-- PROVIDED ENTRIES --
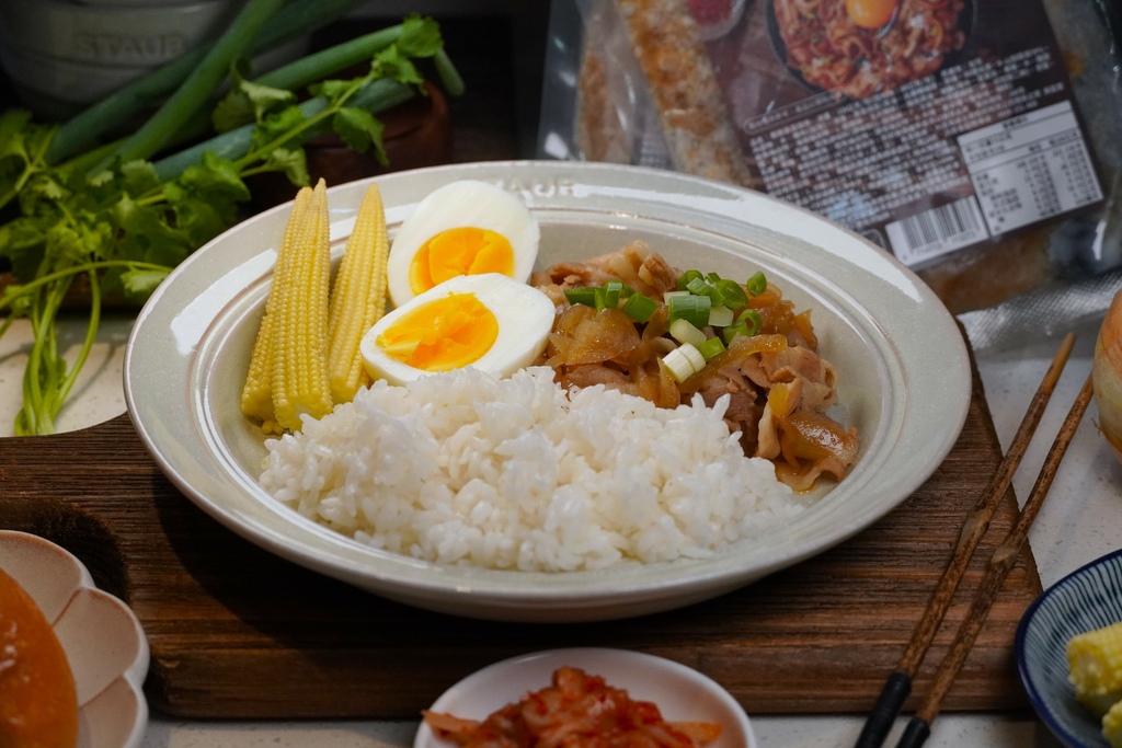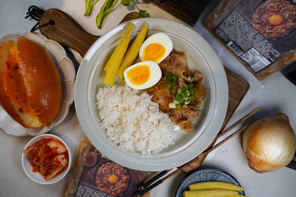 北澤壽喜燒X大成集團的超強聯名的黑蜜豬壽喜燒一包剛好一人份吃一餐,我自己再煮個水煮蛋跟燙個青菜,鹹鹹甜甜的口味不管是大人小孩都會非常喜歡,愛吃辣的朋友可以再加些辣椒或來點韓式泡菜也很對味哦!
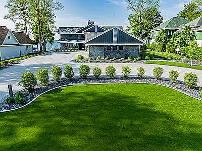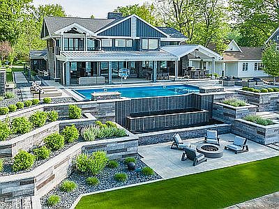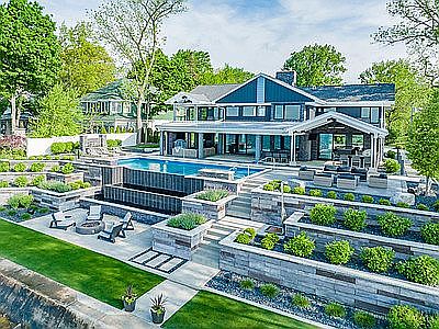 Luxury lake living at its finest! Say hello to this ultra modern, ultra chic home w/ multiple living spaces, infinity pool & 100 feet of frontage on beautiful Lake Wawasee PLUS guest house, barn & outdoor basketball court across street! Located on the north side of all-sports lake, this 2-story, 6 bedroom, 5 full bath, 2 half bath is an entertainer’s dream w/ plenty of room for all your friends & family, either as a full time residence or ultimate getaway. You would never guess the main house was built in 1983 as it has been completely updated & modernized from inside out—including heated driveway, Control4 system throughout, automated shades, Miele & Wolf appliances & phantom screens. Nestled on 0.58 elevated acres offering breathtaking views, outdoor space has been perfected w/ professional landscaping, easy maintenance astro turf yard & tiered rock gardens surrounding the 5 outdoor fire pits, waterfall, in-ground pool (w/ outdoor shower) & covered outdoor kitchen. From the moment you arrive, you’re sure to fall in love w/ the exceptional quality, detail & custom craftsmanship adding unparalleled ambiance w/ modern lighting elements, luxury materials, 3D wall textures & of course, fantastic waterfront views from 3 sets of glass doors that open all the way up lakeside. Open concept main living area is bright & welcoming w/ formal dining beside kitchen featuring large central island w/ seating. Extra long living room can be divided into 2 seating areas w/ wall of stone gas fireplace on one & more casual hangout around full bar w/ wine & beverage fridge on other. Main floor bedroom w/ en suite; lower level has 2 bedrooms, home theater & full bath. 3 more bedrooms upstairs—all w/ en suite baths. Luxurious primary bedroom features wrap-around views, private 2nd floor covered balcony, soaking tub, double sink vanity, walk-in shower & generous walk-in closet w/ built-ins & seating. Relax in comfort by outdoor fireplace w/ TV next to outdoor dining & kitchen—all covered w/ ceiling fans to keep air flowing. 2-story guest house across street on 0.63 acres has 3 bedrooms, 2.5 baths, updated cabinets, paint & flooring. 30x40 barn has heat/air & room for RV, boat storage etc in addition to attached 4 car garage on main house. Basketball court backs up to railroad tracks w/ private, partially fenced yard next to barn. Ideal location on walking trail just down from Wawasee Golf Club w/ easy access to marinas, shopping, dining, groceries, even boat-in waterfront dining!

--

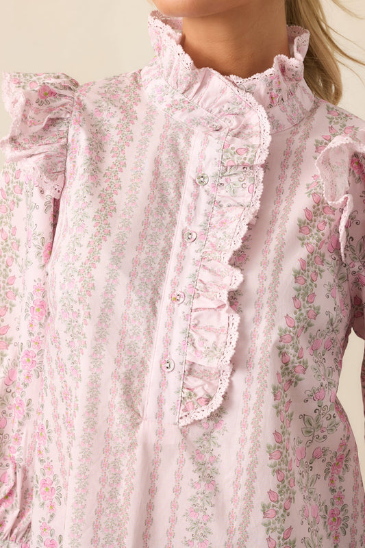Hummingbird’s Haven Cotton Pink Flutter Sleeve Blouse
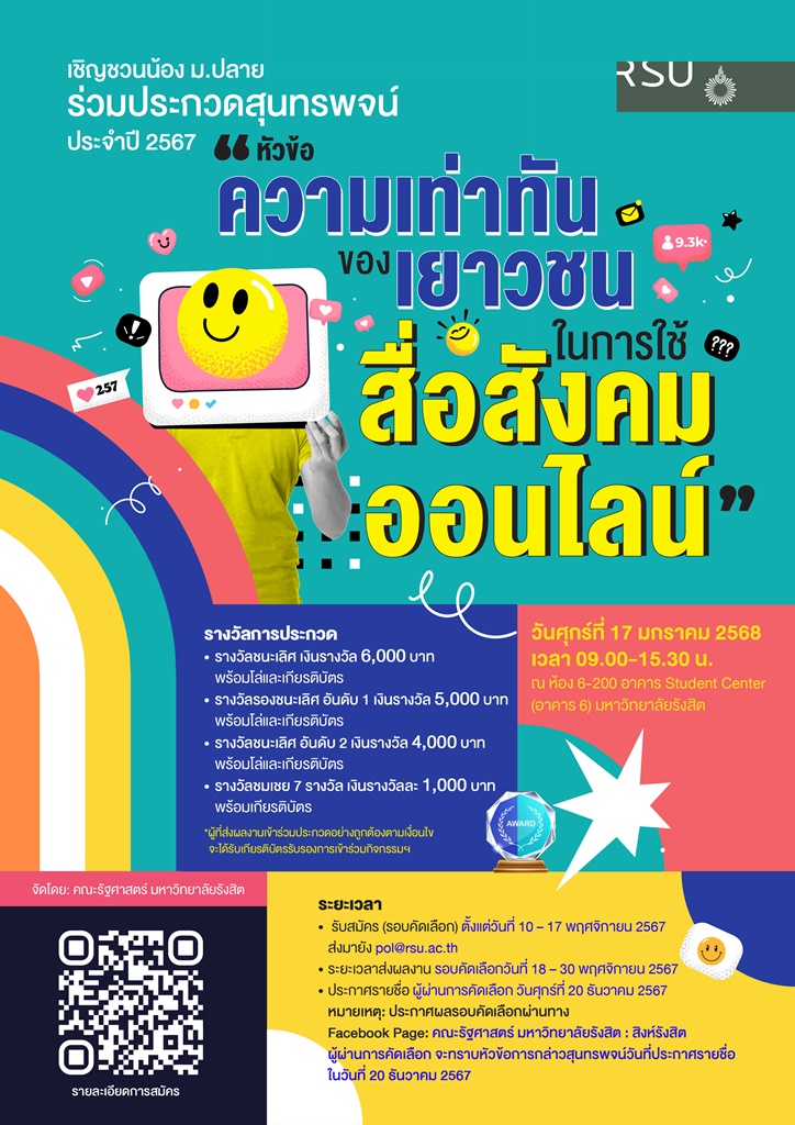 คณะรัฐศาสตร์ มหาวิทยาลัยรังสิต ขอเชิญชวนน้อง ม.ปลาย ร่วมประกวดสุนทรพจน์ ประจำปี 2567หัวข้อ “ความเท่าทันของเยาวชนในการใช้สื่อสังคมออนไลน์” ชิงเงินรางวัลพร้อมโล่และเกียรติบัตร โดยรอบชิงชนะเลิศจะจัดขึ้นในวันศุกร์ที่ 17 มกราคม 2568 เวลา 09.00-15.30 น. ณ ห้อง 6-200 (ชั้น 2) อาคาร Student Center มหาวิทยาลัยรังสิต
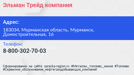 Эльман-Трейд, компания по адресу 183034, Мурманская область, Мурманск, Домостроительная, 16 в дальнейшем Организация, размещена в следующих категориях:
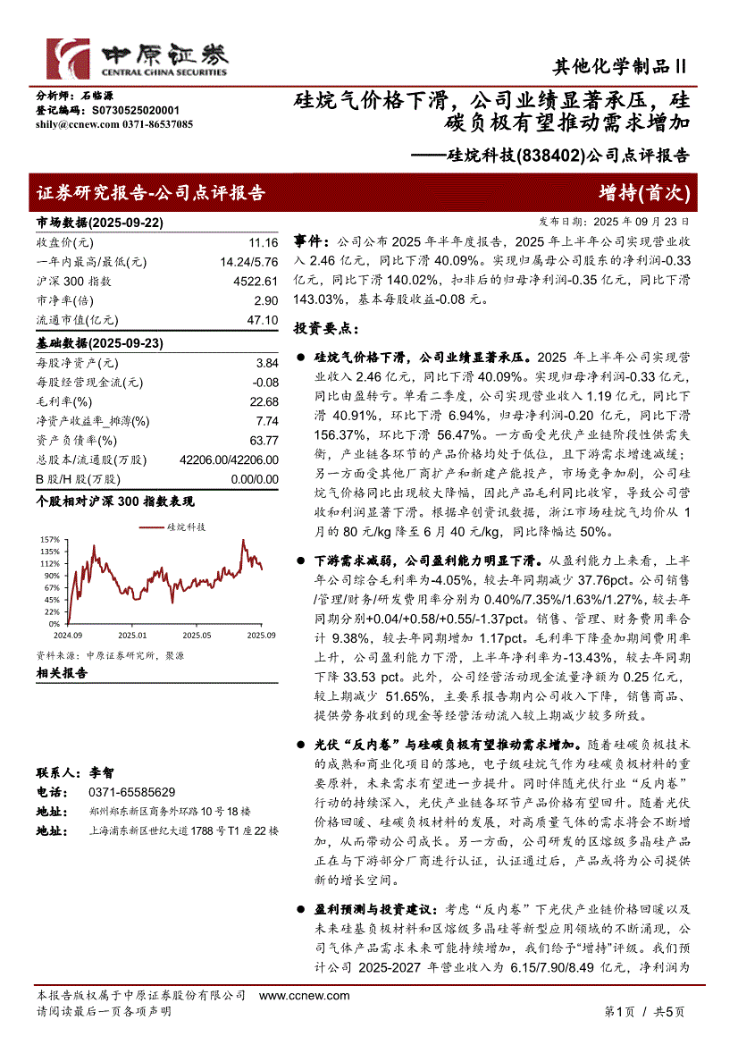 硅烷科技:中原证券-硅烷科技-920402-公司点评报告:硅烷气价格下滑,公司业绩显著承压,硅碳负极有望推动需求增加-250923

...

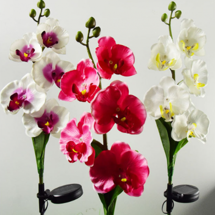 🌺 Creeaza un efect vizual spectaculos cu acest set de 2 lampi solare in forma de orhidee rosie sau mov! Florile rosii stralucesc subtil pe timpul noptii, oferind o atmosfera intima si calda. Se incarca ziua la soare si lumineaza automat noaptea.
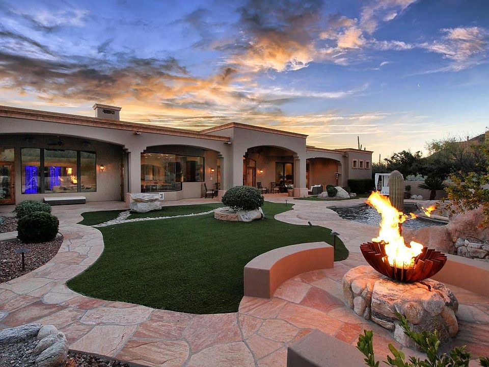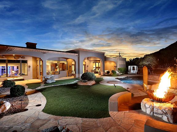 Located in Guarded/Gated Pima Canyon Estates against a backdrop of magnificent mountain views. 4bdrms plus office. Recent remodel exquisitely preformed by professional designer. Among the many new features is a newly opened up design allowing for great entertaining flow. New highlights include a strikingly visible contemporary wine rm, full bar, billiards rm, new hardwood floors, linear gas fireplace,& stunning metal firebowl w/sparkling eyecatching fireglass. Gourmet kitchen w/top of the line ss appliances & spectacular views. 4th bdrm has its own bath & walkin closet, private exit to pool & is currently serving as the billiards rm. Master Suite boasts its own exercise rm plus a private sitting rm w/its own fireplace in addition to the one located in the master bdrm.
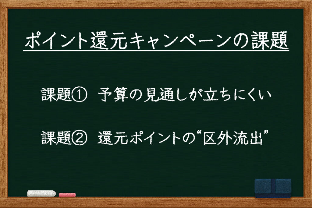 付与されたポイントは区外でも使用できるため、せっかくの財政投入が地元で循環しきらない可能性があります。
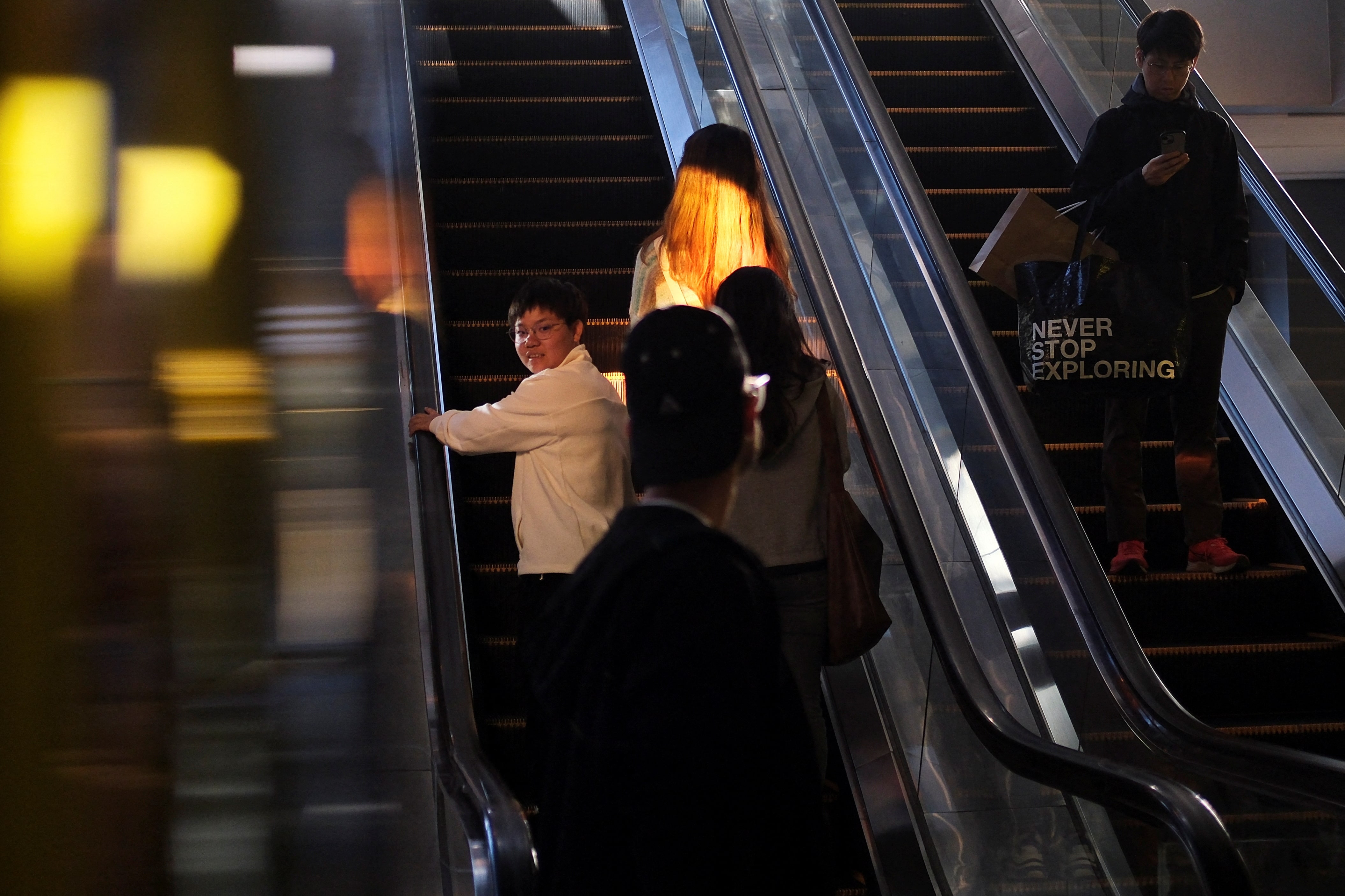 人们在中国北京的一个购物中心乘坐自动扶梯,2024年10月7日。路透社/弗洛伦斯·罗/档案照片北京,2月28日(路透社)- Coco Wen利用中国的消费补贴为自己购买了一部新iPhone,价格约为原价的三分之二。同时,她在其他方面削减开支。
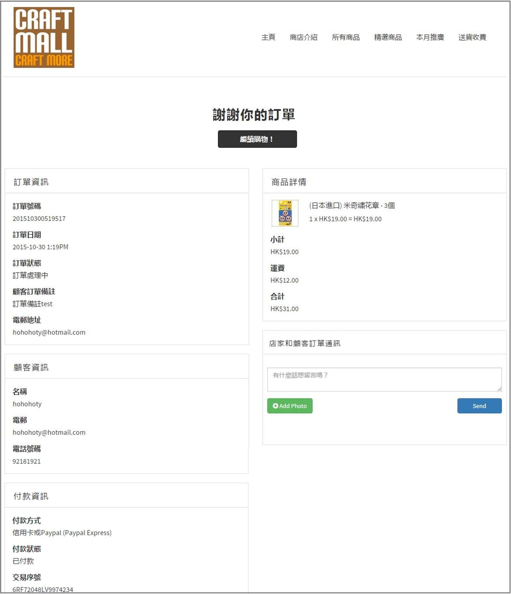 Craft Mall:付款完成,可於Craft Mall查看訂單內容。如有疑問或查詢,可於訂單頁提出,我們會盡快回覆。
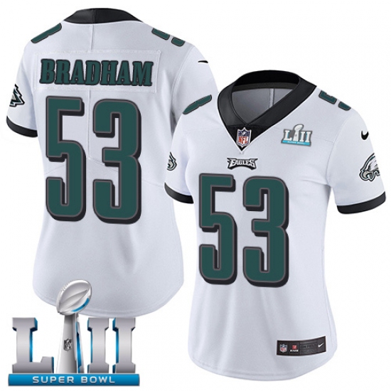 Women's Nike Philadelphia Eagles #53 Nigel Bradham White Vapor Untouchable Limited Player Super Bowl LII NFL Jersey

-- ASSIGNMENT --
Take the material above and output only the lines from the one that contains "Craft Mall:付款完成,可於Craft Mall查看訂單內容。如有疑問或查詢,可於訂單頁提出,我們會盡快回覆。" through the one that contains "Women's Nike Philadelphia", ends included and images left out.

-- ANSWER TO THIS PROBLEM --
 Craft Mall:付款完成,可於Craft Mall查看訂單內容。如有疑問或查詢,可於訂單頁提出,我們會盡快回覆。
 Women's Nike Philadelphia Eagles #53 Nigel Bradham White Vapor Untouchable Limited Player Super Bowl LII NFL Jersey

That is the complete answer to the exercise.